La nouvelle vague tarifaire américaine secoue à nouveau le commerce mondial
En seulement deux jours, Washington a ouvert un nouveau cycle d’enquêtes commerciales qui pourrait se transformer en une nouvelle vague de droits de douane américains visant un large cercle de partenaires, de l’Union européenne et du Canada à une série d’exportateurs asiatiques. Au centre de l’initiative de l’administration américaine ne se trouvent pas seulement la Chine et les anciens différends commerciaux, mais une liste bien plus large d’économies que Washington associe désormais à des excédents de capacités industrielles, à des soutiens publics, à une pression sur le coût du travail et à des mesures insuffisamment strictes contre les biens produits par le travail forcé. Ainsi, la politique commerciale des États-Unis revient une fois de plus au cœur même du risque économique mondial, à un moment où les chaînes d’approvisionnement restent fragiles, où les pressions inflationnistes n’ont pas complètement disparu et où les entreprises n’ont pas encore achevé leur adaptation au précédent cycle de chocs tarifaires.

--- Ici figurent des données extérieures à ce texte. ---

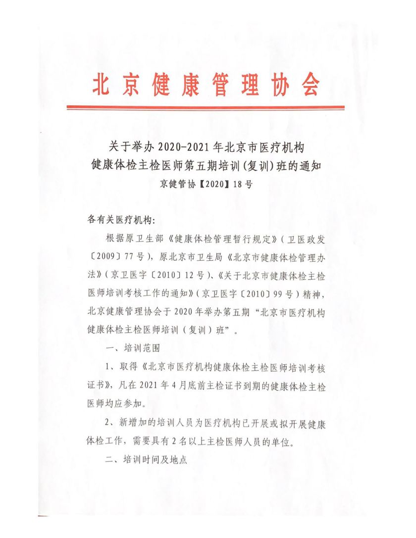 2020年第五期主检医师培训通知
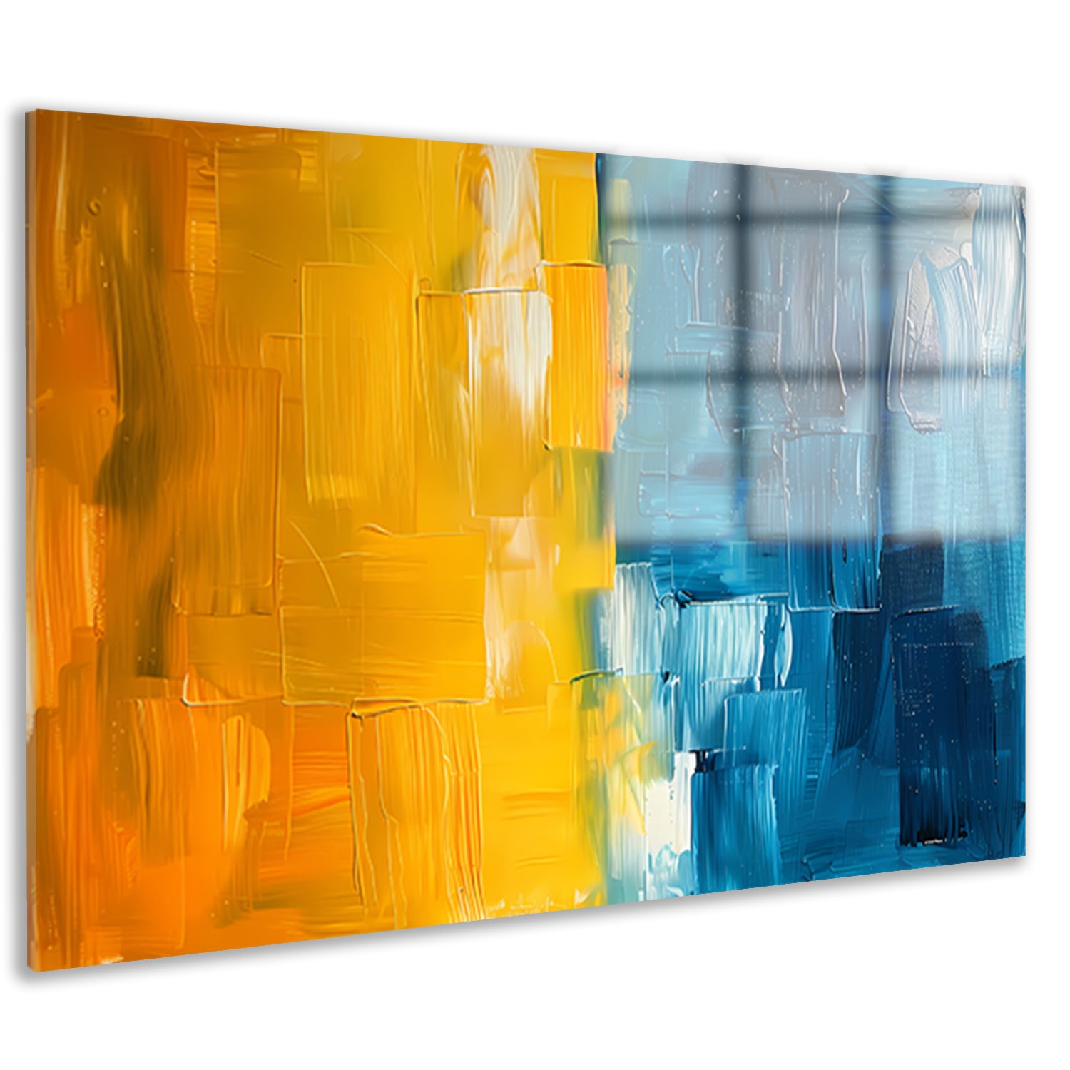 Abstract schilderij met geel en blauw acrylglas
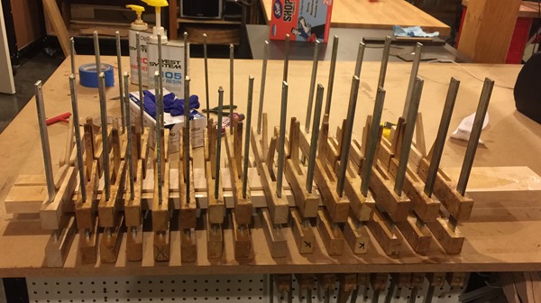 After truss rod is glued into the slot, the underside of the fingerboard is painted with epoxy, the board is attached to the neck and clamps are attached.
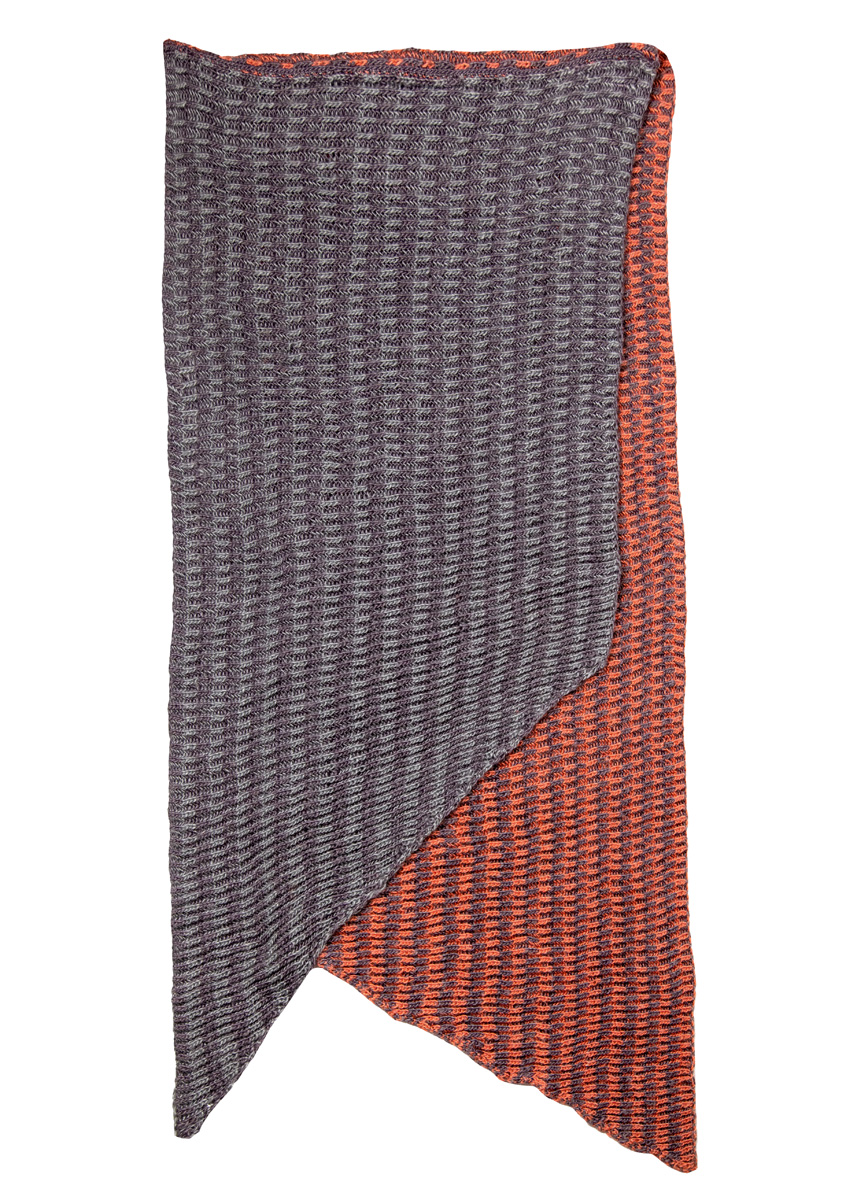 Lana Grossa Lace Seta Mulberry (35% silke (mulberry), 35% baby alpacka, 30% ren ny ull merino ekstrafin, löplängd 175 m/50 g), 250 g plommon (färg 5), 150 g laxröd (färg 8) och 100 g grå (färg 14); 1 rundsticka nr. 3,5, 120 cm lång och 1 virknål nr. 3,5.

Les nouvelles mesures du Bureau du représentant américain au commerce, l’USTR, interviennent après un tournant juridique et politique important à Washington. Après que la Cour suprême des États-Unis a annulé en février une partie des précédentes mesures tarifaires adoptées sur la base de pouvoirs présidentiels extraordinaires, l’administration du président Donald Trump s’est mise à rechercher de nouveaux fondements juridiques pour poursuivre la même politique. En pratique, cela signifie que l’objectif n’a pas changé, mais que les instruments ont changé. Au lieu de s’appuyer sur des pouvoirs présidentiels d’urgence, Washington active désormais la Section 301 de la loi commerciale de 1974, un mécanisme qui autorise des enquêtes contre ce que la partie américaine qualifie de pratiques injustes, déraisonnables ou discriminatoires de gouvernements étrangers qui pèsent sur le commerce américain.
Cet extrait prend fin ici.